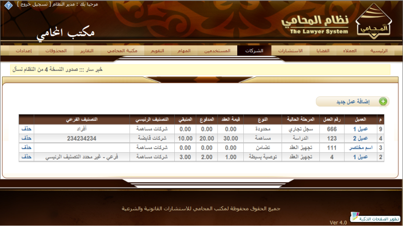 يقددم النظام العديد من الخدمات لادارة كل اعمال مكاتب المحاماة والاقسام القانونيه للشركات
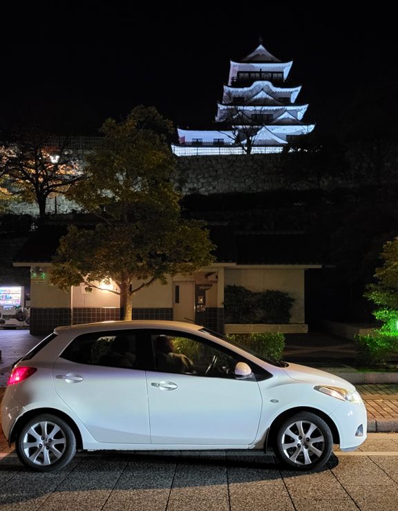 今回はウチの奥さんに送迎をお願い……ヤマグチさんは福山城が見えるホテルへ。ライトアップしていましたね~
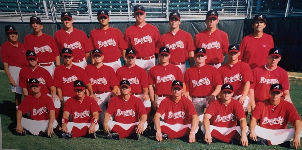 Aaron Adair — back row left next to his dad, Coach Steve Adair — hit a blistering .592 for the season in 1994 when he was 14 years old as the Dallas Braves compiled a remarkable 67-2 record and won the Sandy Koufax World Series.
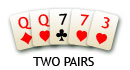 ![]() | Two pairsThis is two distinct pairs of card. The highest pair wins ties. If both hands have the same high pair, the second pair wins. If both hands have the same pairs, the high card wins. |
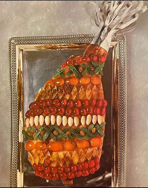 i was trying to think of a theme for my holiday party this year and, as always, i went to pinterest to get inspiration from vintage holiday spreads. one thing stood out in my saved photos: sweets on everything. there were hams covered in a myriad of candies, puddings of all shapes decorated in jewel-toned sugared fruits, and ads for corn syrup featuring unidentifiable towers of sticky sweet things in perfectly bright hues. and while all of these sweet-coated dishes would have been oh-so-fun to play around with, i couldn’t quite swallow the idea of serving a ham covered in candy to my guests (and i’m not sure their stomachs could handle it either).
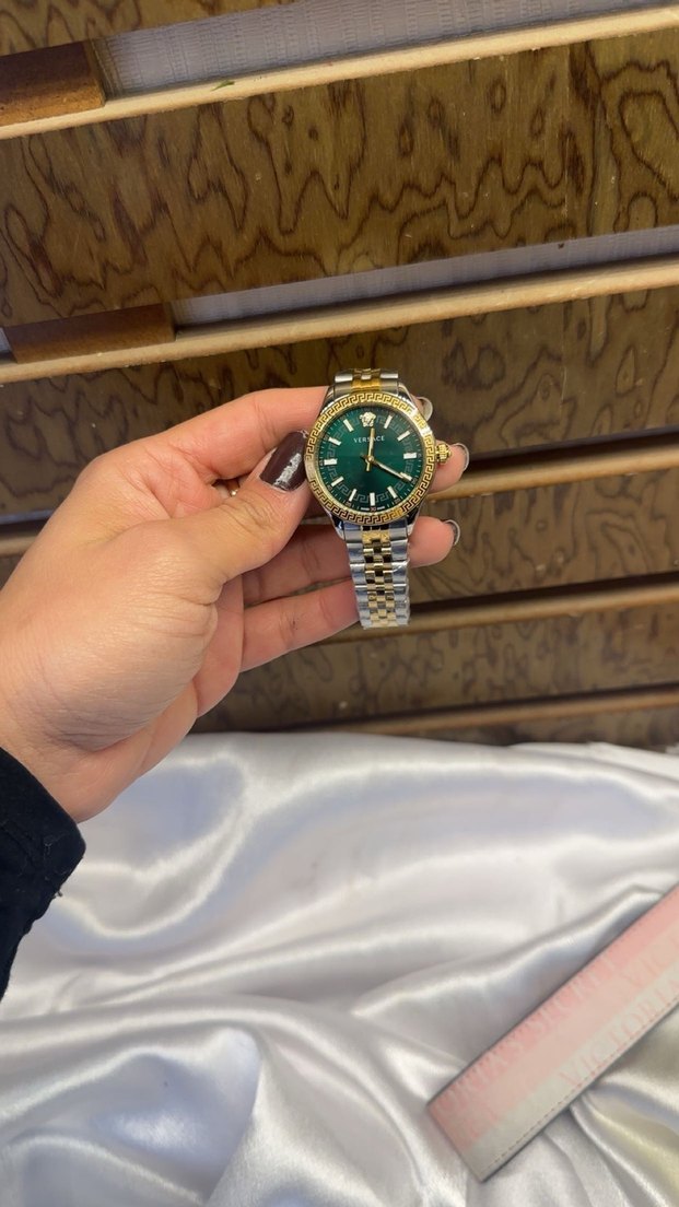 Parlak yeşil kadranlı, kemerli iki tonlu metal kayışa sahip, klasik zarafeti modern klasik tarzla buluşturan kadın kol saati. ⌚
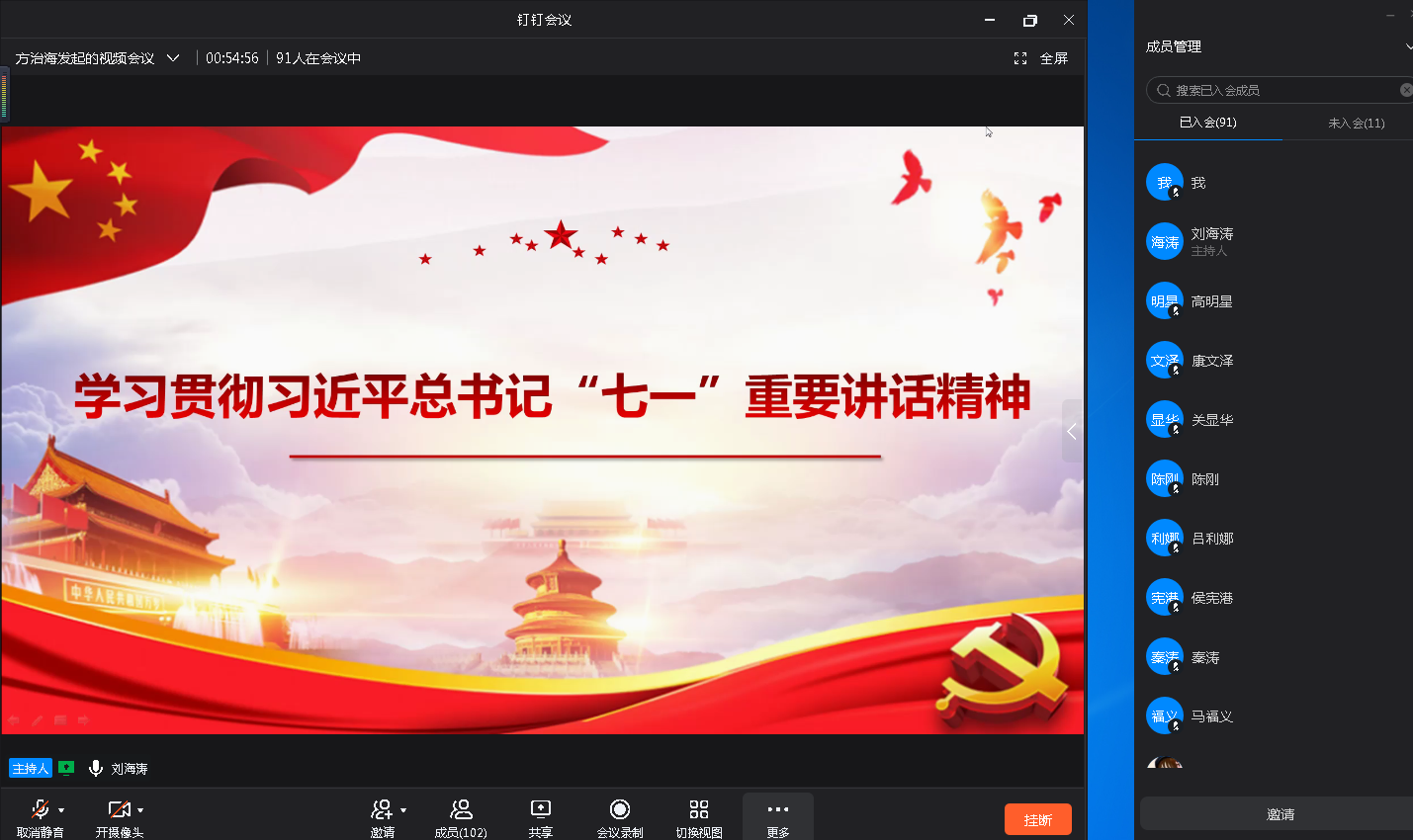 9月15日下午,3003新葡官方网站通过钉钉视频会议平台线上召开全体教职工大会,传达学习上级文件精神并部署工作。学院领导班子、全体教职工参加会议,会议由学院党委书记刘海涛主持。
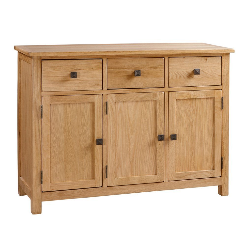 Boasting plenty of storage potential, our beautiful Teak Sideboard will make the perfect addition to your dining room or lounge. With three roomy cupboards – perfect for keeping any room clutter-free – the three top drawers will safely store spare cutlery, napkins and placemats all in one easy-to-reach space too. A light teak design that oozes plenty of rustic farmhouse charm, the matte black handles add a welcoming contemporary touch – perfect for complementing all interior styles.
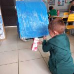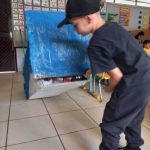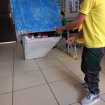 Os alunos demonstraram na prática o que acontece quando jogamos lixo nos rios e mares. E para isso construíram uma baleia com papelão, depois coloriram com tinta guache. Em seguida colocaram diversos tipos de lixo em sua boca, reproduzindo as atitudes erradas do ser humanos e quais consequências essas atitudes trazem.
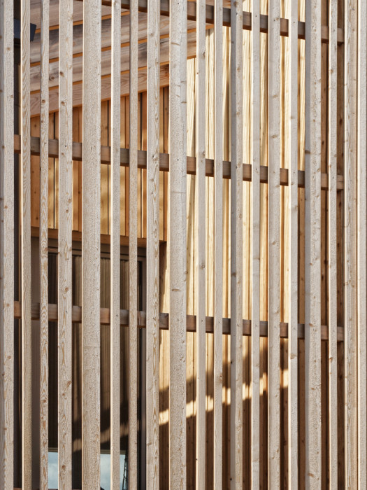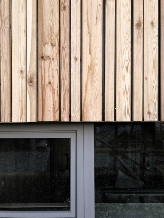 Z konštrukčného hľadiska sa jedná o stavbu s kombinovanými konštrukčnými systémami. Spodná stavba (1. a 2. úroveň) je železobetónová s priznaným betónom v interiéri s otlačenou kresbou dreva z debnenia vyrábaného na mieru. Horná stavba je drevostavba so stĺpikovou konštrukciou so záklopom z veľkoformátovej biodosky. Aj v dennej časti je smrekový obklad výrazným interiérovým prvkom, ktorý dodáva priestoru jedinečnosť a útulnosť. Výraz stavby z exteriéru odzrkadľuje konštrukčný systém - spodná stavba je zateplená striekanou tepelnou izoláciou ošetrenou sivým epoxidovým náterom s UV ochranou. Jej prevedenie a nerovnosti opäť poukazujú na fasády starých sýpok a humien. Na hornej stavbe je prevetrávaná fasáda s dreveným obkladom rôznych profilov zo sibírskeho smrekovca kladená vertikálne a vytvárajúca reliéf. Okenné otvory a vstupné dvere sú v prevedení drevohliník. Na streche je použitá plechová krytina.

--------------------------------------------------

* _TASK STATEMENT_
Pictures stay out. Everything else in the listing gets printed exactly.

* _WRITTEN ANSWER_
 يقددم النظام العديد من الخدمات لادارة كل اعمال مكاتب المحاماة والاقسام القانونيه للشركات
 今回はウチの奥さんに送迎をお願い……ヤマグチさんは福山城が見えるホテルへ。ライトアップしていましたね~
 Aaron Adair — back row left next to his dad, Coach Steve Adair — hit a blistering .592 for the season in 1994 when he was 14 years old as the Dallas Braves compiled a remarkable 67-2 record and won the Sandy Koufax World Series.
 ![]() | Two pairsThis is two distinct pairs of card. The highest pair wins ties. If both hands have the same high pair, the second pair wins. If both hands have the same pairs, the high card wins. |
 i was trying to think of a theme for my holiday party this year and, as always, i went to pinterest to get inspiration from vintage holiday spreads. one thing stood out in my saved photos: sweets on everything. there were hams covered in a myriad of candies, puddings of all shapes decorated in jewel-toned sugared fruits, and ads for corn syrup featuring unidentifiable towers of sticky sweet things in perfectly bright hues. and while all of these sweet-coated dishes would have been oh-so-fun to play around with, i couldn’t quite swallow the idea of serving a ham covered in candy to my guests (and i’m not sure their stomachs could handle it either).
 Parlak yeşil kadranlı, kemerli iki tonlu metal kayışa sahip, klasik zarafeti modern klasik tarzla buluşturan kadın kol saati. ⌚
 9月15日下午,3003新葡官方网站通过钉钉视频会议平台线上召开全体教职工大会,传达学习上级文件精神并部署工作。学院领导班子、全体教职工参加会议,会议由学院党委书记刘海涛主持。
 Boasting plenty of storage potential, our beautiful Teak Sideboard will make the perfect addition to your dining room or lounge. With three roomy cupboards – perfect for keeping any room clutter-free – the three top drawers will safely store spare cutlery, napkins and placemats all in one easy-to-reach space too. A light teak design that oozes plenty of rustic farmhouse charm, the matte black handles add a welcoming contemporary touch – perfect for complementing all interior styles.
 Os alunos demonstraram na prática o que acontece quando jogamos lixo nos rios e mares. E para isso construíram uma baleia com papelão, depois coloriram com tinta guache. Em seguida colocaram diversos tipos de lixo em sua boca, reproduzindo as atitudes erradas do ser humanos e quais consequências essas atitudes trazem.
 Z konštrukčného hľadiska sa jedná o stavbu s kombinovanými konštrukčnými systémami. Spodná stavba (1. a 2. úroveň) je železobetónová s priznaným betónom v interiéri s otlačenou kresbou dreva z debnenia vyrábaného na mieru. Horná stavba je drevostavba so stĺpikovou konštrukciou so záklopom z veľkoformátovej biodosky. Aj v dennej časti je smrekový obklad výrazným interiérovým prvkom, ktorý dodáva priestoru jedinečnosť a útulnosť. Výraz stavby z exteriéru odzrkadľuje konštrukčný systém - spodná stavba je zateplená striekanou tepelnou izoláciou ošetrenou sivým epoxidovým náterom s UV ochranou. Jej prevedenie a nerovnosti opäť poukazujú na fasády starých sýpok a humien. Na hornej stavbe je prevetrávaná fasáda s dreveným obkladom rôznych profilov zo sibírskeho smrekovca kladená vertikálne a vytvárajúca reliéf. Okenné otvory a vstupné dvere sú v prevedení drevohliník. Na streche je použitá plechová krytina.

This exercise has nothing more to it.